*** Opening DATA ***
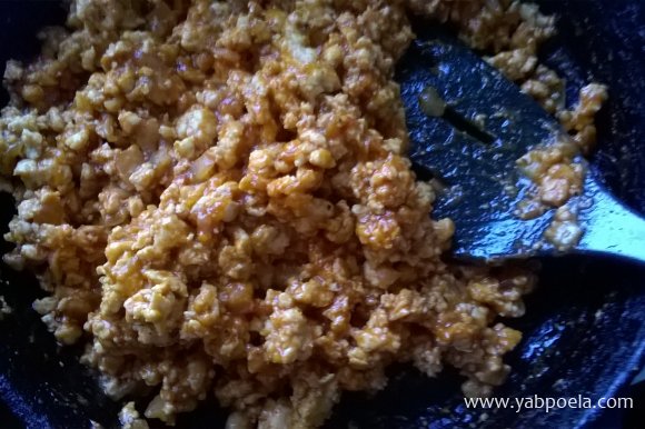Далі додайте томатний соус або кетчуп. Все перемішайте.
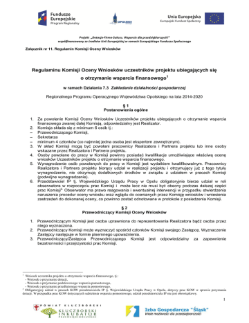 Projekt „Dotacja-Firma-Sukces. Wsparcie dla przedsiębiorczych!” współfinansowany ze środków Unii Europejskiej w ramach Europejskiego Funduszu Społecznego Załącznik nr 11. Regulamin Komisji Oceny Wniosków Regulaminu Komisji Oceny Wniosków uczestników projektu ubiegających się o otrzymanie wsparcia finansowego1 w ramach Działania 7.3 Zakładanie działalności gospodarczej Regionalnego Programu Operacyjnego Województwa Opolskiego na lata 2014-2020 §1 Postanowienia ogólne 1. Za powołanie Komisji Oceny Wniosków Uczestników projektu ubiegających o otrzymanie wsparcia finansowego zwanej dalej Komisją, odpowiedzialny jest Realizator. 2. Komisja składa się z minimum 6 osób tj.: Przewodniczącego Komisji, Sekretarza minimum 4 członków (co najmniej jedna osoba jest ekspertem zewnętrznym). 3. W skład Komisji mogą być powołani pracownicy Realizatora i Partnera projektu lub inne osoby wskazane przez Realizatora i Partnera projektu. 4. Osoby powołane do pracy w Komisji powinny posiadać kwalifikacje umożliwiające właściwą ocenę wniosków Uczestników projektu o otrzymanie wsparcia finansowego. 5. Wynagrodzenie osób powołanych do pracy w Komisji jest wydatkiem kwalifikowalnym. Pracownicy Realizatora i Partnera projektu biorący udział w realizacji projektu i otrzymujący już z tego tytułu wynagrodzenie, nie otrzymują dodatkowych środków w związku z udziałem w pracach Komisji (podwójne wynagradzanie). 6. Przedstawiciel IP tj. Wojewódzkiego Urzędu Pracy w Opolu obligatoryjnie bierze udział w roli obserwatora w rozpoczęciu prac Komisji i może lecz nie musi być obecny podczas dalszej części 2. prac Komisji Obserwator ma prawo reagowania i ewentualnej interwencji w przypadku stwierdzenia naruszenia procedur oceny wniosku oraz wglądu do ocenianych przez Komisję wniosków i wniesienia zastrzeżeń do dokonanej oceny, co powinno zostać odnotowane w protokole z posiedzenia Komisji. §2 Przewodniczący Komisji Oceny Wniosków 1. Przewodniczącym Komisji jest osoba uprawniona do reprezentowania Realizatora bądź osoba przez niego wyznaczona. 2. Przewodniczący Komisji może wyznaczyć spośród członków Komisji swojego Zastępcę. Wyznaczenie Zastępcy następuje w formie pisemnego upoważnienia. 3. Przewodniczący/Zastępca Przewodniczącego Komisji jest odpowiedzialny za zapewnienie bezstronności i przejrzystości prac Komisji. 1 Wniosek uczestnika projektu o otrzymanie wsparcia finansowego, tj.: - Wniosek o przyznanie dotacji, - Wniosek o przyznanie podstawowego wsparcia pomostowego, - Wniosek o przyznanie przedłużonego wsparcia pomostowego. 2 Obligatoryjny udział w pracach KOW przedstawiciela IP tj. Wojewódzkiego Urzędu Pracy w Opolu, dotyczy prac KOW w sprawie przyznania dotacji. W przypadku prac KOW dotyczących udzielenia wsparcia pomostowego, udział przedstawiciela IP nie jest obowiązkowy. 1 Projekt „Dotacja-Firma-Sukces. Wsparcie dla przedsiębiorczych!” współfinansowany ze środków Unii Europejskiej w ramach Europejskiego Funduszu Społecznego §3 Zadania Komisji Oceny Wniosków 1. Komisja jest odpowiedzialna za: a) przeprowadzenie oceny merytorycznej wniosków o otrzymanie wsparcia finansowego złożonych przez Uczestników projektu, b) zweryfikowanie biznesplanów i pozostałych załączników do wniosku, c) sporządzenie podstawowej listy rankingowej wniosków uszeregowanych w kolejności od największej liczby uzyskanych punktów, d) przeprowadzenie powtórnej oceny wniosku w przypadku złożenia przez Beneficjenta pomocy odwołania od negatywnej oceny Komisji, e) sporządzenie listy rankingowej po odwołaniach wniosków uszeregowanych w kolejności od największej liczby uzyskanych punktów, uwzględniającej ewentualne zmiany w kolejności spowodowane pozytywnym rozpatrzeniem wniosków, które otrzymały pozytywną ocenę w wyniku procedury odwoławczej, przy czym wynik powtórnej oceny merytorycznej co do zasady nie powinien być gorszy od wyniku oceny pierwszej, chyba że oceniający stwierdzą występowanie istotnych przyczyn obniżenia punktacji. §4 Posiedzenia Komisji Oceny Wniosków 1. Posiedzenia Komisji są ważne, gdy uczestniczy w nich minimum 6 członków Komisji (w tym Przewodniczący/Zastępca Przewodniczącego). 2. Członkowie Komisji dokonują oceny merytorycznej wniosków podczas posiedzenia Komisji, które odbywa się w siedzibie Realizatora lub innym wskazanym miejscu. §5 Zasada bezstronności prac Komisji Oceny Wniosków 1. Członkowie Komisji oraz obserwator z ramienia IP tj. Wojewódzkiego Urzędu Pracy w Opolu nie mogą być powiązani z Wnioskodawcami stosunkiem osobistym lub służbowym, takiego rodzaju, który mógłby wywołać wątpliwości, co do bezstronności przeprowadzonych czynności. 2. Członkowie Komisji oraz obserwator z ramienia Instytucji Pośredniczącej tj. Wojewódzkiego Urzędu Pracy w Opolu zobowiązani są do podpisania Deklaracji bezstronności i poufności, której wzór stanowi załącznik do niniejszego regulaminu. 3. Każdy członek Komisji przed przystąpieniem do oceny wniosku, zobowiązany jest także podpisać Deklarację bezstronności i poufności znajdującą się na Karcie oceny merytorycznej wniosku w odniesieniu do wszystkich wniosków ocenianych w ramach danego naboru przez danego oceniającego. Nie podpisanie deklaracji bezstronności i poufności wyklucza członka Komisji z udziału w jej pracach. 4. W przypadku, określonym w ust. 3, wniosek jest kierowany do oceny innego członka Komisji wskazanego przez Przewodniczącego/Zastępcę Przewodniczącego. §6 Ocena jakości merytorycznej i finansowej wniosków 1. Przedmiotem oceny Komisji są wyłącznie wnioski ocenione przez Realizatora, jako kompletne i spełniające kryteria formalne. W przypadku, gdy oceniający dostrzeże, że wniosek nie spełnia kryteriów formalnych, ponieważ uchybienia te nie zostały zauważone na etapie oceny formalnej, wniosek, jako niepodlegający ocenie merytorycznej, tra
*** Closing DATA ***
*** Opening DATA ***
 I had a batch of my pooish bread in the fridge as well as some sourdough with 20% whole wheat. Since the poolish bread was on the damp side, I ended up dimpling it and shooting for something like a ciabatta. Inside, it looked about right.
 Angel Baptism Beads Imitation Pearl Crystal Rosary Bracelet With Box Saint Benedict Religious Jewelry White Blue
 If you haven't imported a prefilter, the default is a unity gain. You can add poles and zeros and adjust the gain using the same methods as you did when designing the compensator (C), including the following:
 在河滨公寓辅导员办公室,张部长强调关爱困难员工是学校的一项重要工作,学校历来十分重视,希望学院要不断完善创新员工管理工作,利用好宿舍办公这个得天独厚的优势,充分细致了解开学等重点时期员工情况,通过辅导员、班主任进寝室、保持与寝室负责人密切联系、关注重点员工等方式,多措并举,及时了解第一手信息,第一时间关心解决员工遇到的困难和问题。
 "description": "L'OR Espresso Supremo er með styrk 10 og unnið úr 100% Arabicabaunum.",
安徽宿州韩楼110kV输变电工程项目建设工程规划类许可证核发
*** Closing DATA ***
*** Opening DATA ***
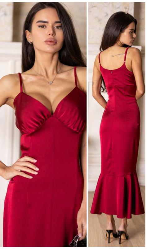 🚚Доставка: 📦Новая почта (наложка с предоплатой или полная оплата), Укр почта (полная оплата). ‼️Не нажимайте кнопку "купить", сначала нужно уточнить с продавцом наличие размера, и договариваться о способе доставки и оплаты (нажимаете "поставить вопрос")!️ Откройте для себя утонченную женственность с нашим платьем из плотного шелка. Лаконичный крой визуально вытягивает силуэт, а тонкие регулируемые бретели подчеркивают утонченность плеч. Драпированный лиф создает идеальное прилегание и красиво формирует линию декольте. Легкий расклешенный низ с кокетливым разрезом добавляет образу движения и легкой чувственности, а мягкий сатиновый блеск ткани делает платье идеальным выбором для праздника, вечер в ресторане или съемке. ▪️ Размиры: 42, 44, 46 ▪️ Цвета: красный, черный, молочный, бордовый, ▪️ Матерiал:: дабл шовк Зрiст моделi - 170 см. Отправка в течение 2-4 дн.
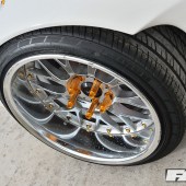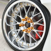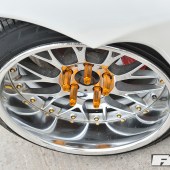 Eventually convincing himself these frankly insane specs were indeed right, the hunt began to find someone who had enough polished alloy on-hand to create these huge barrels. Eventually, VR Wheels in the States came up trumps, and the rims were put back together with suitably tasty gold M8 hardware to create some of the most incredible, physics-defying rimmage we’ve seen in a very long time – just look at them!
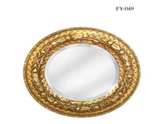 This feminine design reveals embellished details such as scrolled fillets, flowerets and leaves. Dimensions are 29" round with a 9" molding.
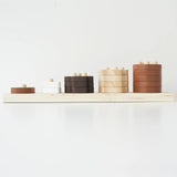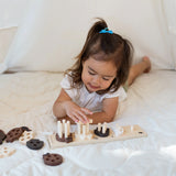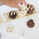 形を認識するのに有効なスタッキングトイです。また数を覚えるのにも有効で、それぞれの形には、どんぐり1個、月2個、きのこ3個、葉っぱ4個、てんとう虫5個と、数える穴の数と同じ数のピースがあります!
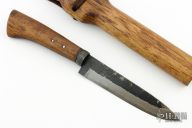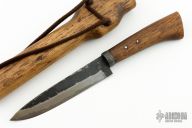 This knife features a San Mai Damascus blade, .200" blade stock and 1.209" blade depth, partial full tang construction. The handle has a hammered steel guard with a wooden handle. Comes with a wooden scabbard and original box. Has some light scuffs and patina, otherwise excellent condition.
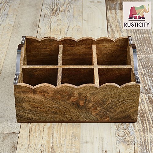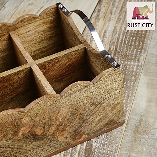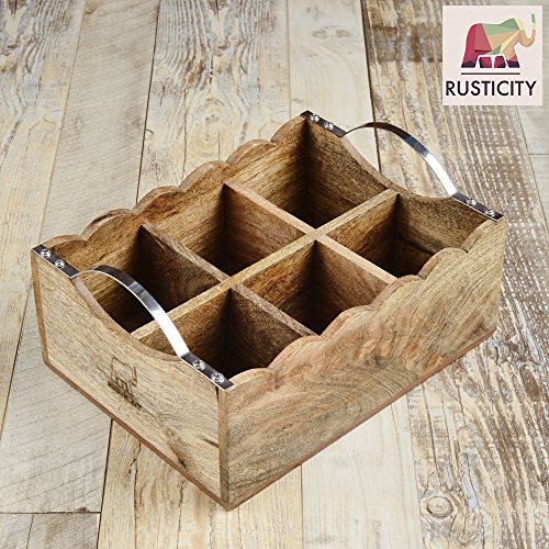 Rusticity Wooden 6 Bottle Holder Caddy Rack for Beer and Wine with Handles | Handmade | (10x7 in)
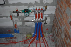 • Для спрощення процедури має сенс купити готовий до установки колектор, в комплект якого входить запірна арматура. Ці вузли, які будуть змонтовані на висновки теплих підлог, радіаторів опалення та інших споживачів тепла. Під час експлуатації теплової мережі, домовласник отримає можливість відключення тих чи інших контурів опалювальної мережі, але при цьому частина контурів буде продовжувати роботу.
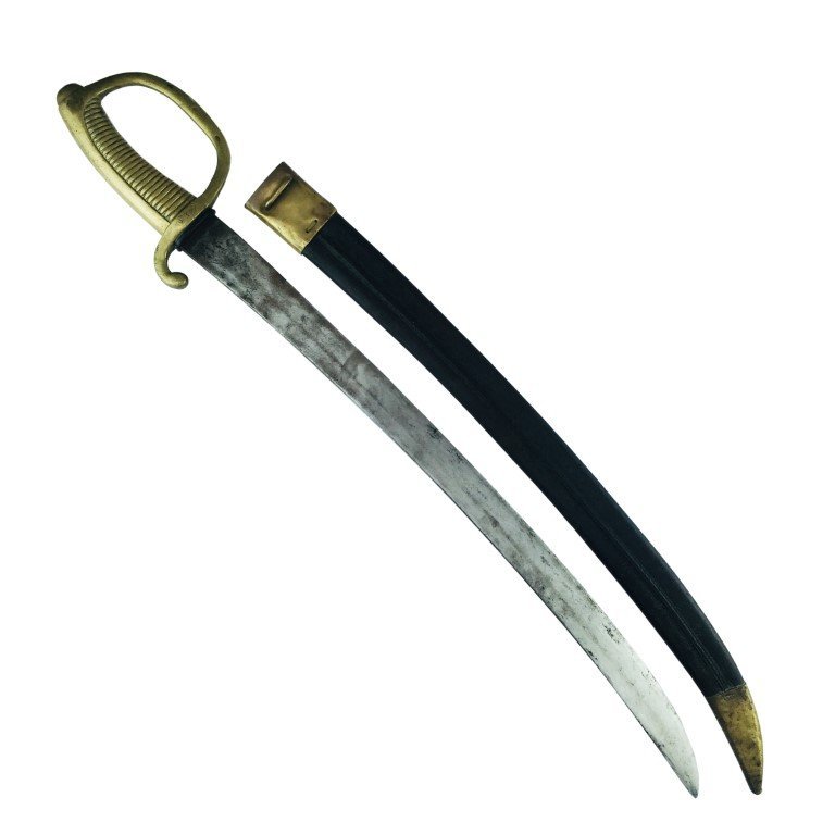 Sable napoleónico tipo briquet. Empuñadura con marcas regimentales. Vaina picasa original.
*** Closing DATA ***
→ WHAT THE TASK ASKS: For this exercise, repeat exactly the lines of the data above from the one with "Espresso Supremo er" down to the one with "安徽宿州韩楼110kV输变电工程项目建设工程规划类许可证核发", both end lines included.

→ RESULT OF THIS TASK:
 "description": "L'OR Espresso Supremo er með styrk 10 og unnið úr 100% Arabicabaunum.",
安徽宿州韩楼110kV输变电工程项目建设工程规划类许可证核发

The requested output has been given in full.